PROBLEM DETAILS: Please return exactly the line that contains "Інсталяція, звукоізоляційна прокладка, комплект" and every line after it, through the last line of the records below, with no pictures.

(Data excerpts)

- - - - - - -

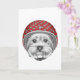 Ce dessin présente le portrait d'un Yorkshire Terrier portant un casque pointillé turquoise et rouge à pois.
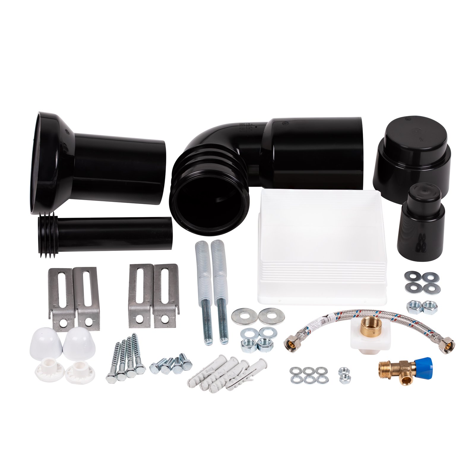 Інсталяція, звукоізоляційна прокладка, комплект підведення води, 2 болти-тримачі для унітаза, вихідна труба для унітаза, кріпильні деталі.
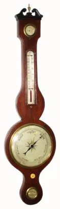 English, Unsigned, Banjo barometer, with glass tube and mercury intact, working, also with hygrometer and silvered scale thermometer, C.1860 the dust cover on the rear has been replaced, otherwise in excellent original condition. Although UPS will now accept these as scientific instruments, we do NOT have a packer who can guarantee safe arrival, so this item must be picked up if you are successful. Another item from Goddard's living room. Height 38 inches
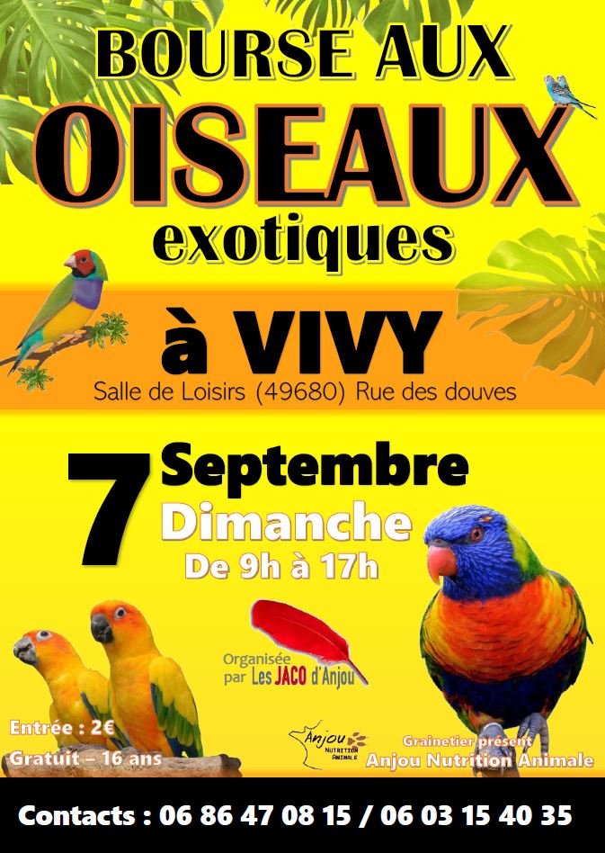 L'association les Jaco D'Anjou ou est fière de vous présenter sa Bourse aux oiseaux exotiques qui se déroulera dans la 𝘀𝗮𝗹𝗹𝗲 𝗱𝗲 𝗹𝗼𝗶𝘀𝗶𝗿𝘀 𝗱𝗲𝘀 𝗕𝗮𝘀𝘀𝗮𝘂𝗴𝗲𝘀 le 𝗱𝗶𝗺𝗮𝗻𝗰𝗵𝗲 𝟳 𝘀𝗲𝗽𝘁𝗲𝗺𝗯𝗿𝗲 𝟮𝟬𝟮𝟱 𝗱𝗲 𝟵𝗵 𝗮 𝟭𝟳𝗵
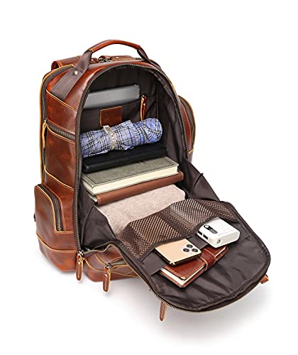 LANNSYNE Vintage Uomini Vera Pelle Computer Portatile Da 15,6 Pollici Zaino Camping Travel 24L Zaino

- - - - - - -

FINISHED TASK:
 Інсталяція, звукоізоляційна прокладка, комплект підведення води, 2 болти-тримачі для унітаза, вихідна труба для унітаза, кріпильні деталі.
 English, Unsigned, Banjo barometer, with glass tube and mercury intact, working, also with hygrometer and silvered scale thermometer, C.1860 the dust cover on the rear has been replaced, otherwise in excellent original condition. Although UPS will now accept these as scientific instruments, we do NOT have a packer who can guarantee safe arrival, so this item must be picked up if you are successful. Another item from Goddard's living room. Height 38 inches
 L'association les Jaco D'Anjou ou est fière de vous présenter sa Bourse aux oiseaux exotiques qui se déroulera dans la 𝘀𝗮𝗹𝗹𝗲 𝗱𝗲 𝗹𝗼𝗶𝘀𝗶𝗿𝘀 𝗱𝗲𝘀 𝗕𝗮𝘀𝘀𝗮𝘂𝗴𝗲𝘀 le 𝗱𝗶𝗺𝗮𝗻𝗰𝗵𝗲 𝟳 𝘀𝗲𝗽𝘁𝗲𝗺𝗯𝗿𝗲 𝟮𝟬𝟮𝟱 𝗱𝗲 𝟵𝗵 𝗮 𝟭𝟳𝗵
 LANNSYNE Vintage Uomini Vera Pelle Computer Portatile Da 15,6 Pollici Zaino Camping Travel 24L Zaino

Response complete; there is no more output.